Calculating Derivatives

The derivative of the numerator \(\log(\log x)\) is:

\(\frac{1}{\log x} \cdot \frac{1}{x}\)

The derivative of the denominator \(\frac{1}{\log(x-1)}\) is:

\(-\frac{1}{(\log(x-1))^2} \cdot \frac{1}{x-1}\)

Evaluating the Limit

Now we can substitute these derivatives back into our limit:

\(\lim_{x \to 0} \frac{\frac{1}{\log x} \cdot \frac{1}{x}}{-\frac{1}{(\log(x-1))^2} \cdot \frac{1}{x-1}}\)

As \(x\) approaches zero, both \(\log x\) and \(\log(x-1)\) approach \(-\infty\), leading to a more manageable limit.
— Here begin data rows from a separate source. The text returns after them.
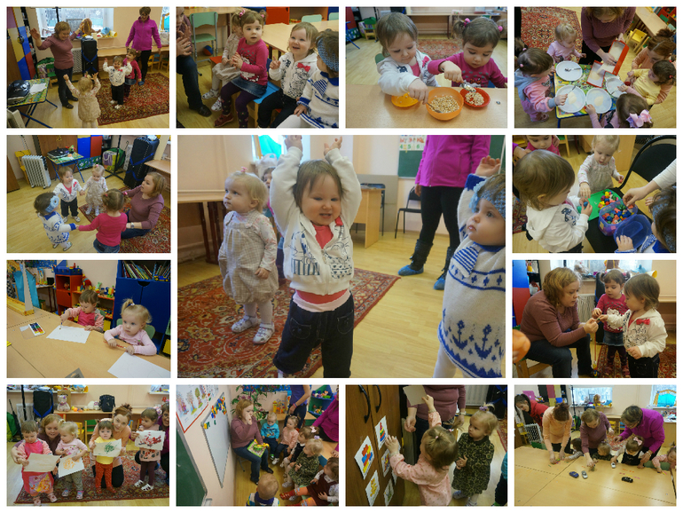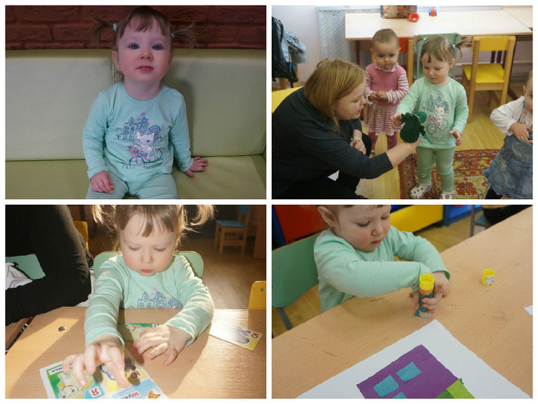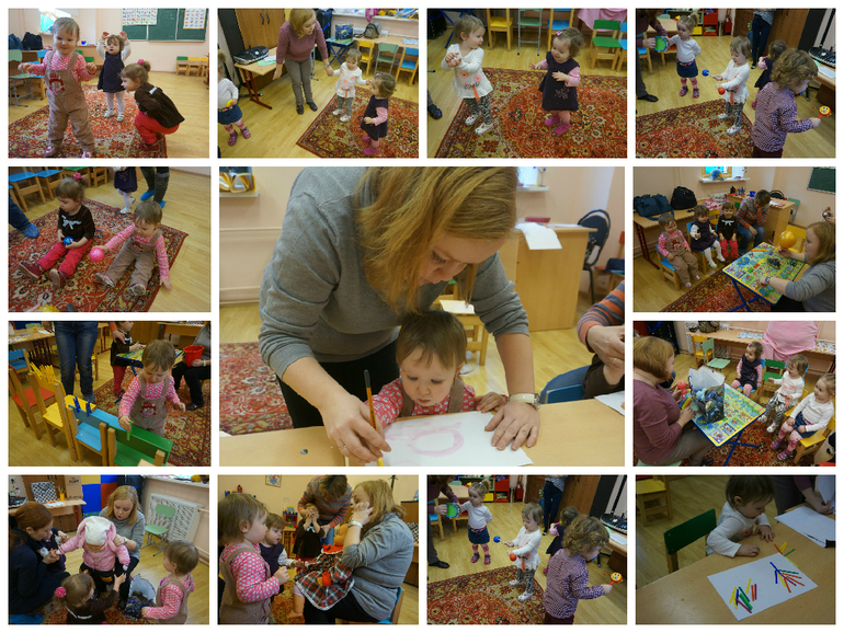 Далее мы собрались и отправились в БейбиКлуб. Сегодня там все были в разных одеждах, да и задания в основном были цветные, поэтому коротко о занятиях:
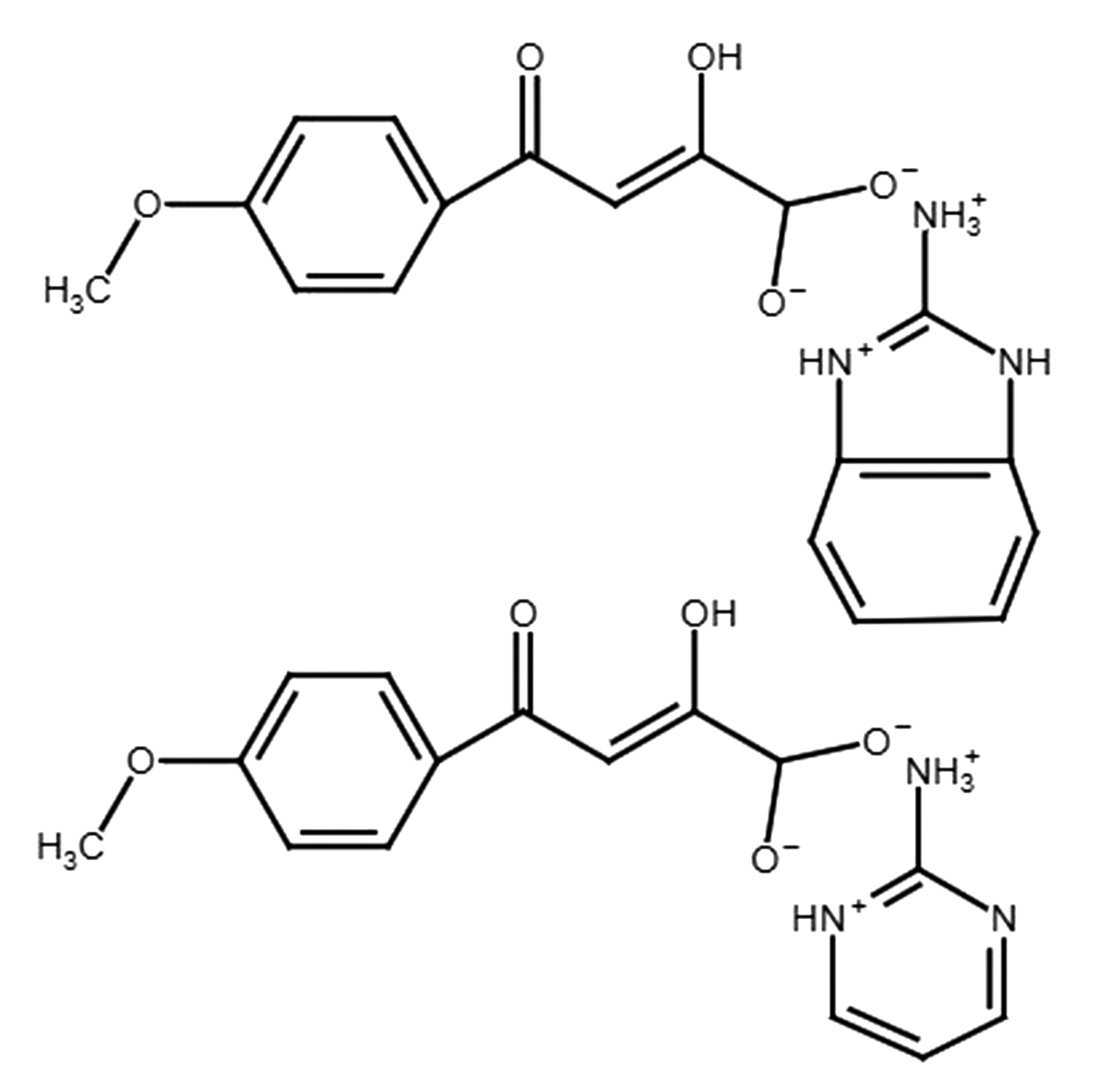 Заключение. Проведено исследование влияния впервые полученных соединений 1a, 1b на поведенческие реакции животных. Осуществлен анализ «структура-активность» с установлением приоритета дальнейшего целенаправленного синтеза солей производных 2,4-диоксобутановых кислот, содержащих фрагмент 2-аминопиримидина. Выявлено соединение с нейропсихотропным профилем активности, рекомендуемое для дальнейшего углубленного изучения.
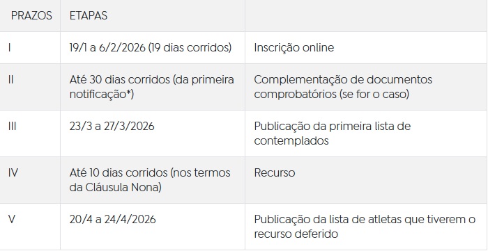 Confira abaixo o cronograma do edital para o Bolsa Atleta 2026.
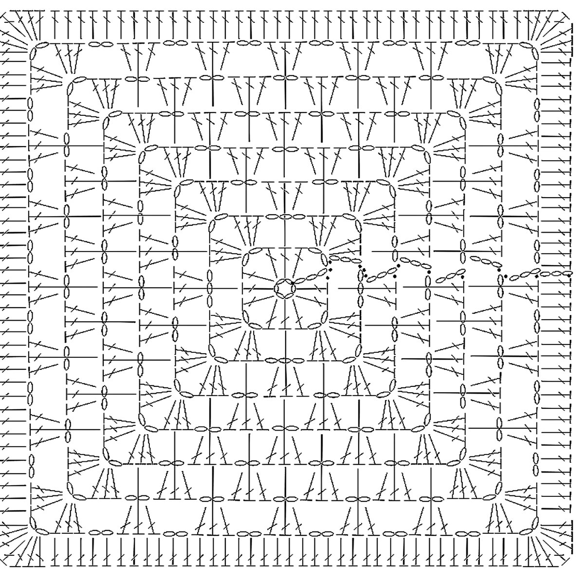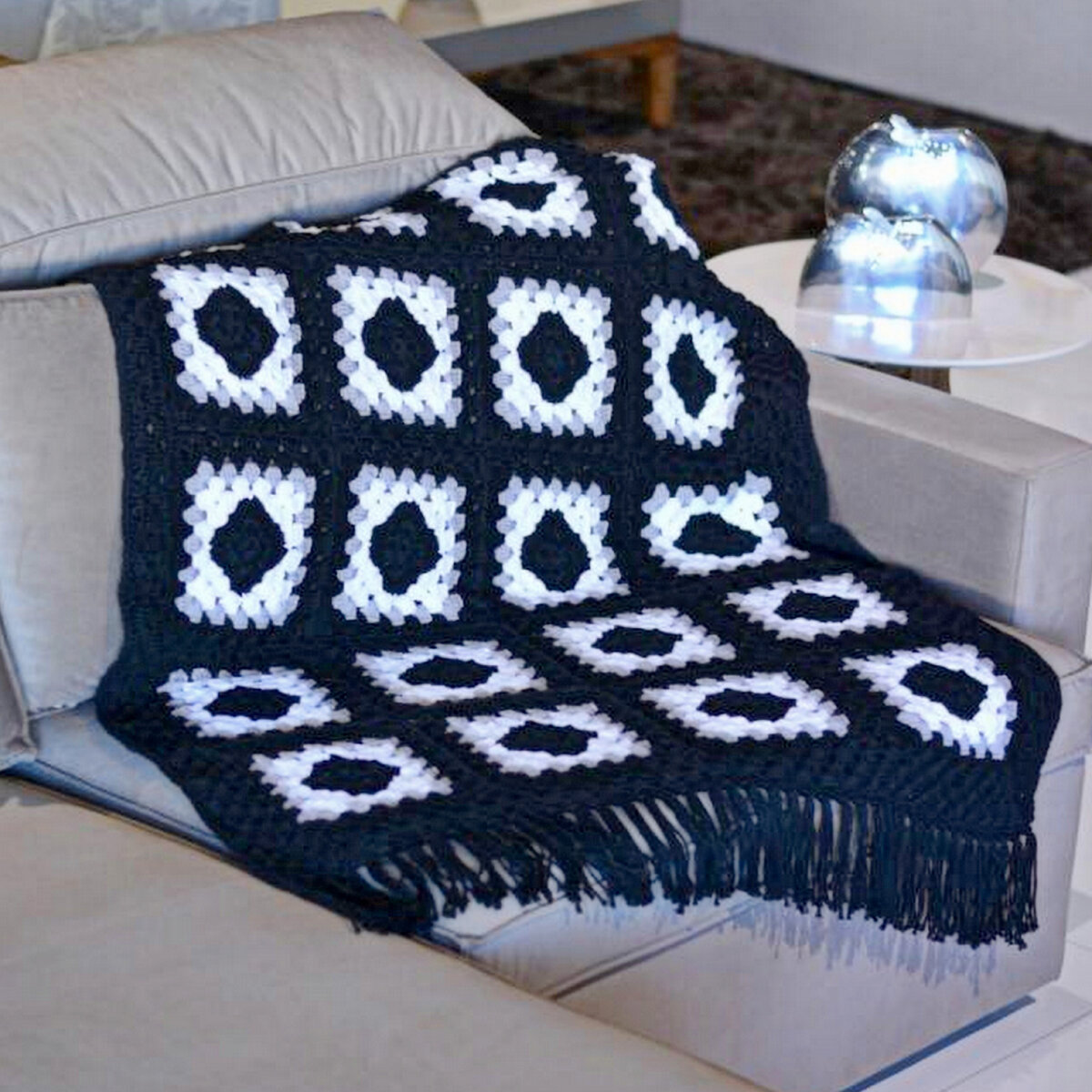 Кто сказал, что монохром не может быть ярким? По мне, так это очень даже яркое сочетание — сразу обратишь внимание! Классический бабушкин квадрат в классической чёрно-бело-серой гамме.
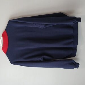 Navy sweater with a striking red collar. Features a beautiful bird design. Perfect for casual wear.
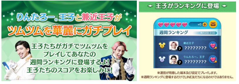 本日から放送予定の新TVCMに出演している、アゲ王国のツムツム好きなりんたろー。王子と兼近王子の2人が、本気 (ガチ)で『LINE:ディズニー ツムツム』のプレイに挑戦します。ゲーム内にある「週間ランキング」に登場し、2人がプレイしたスコアを見ることができます。また、頑張る EXITの2人にゲーム内アイテムのハートをプレゼントすることが 可能です。ハートをプレゼントしたプレイヤーは、もれなくりんたろー。王子と兼近王子からハートのお返しが受け取れ ます。
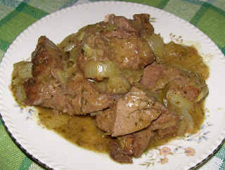 wątróbka cielęca 1 kg, olej rzepakowy 1/4 szklanki, mąka pszenna – ile potrzeba, cebula 4 sztuki, woda 4 szklanki, majeranek 2 łyżki,
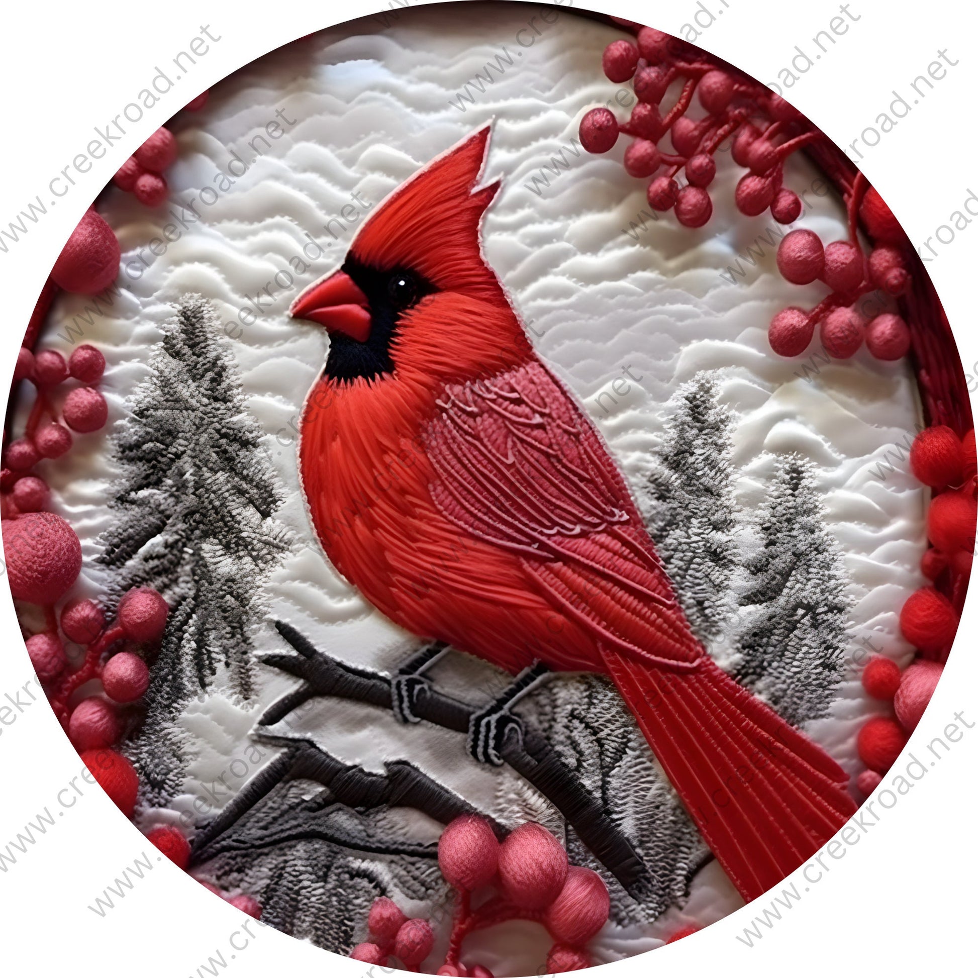 Red Christmas Cardinal Quilted Appearance Wreath Sign-Sublimation-Round-Christmas-Decor
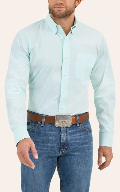 Men's Seafoam Pinstripe Long Sleeve Western Shirt In Blue
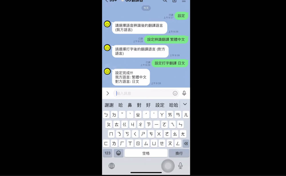 輸入「設定」,設置好自己和對方的語言後就可以開始使用,翻譯速度還蠻快的,語音訊息轉文字應該主要是用在記錄東西:

After simplifying, we find that the limit approaches zero.

Final Result

Thus, we conclude that:

\(\lim_{x \to 0} (\log x)^{\log(x-1)} = e^{\lim_{x \to 0} \log y} = e^0 = 1\).

In summary, the limit of \((\log x)^{\log(x-1)}\) as \(x\) approaches zero is equal to 1. This process illustrates the importance of understanding logarithmic behavior and applying L'Hôpital's Rule effectively to resolve indeterminate forms.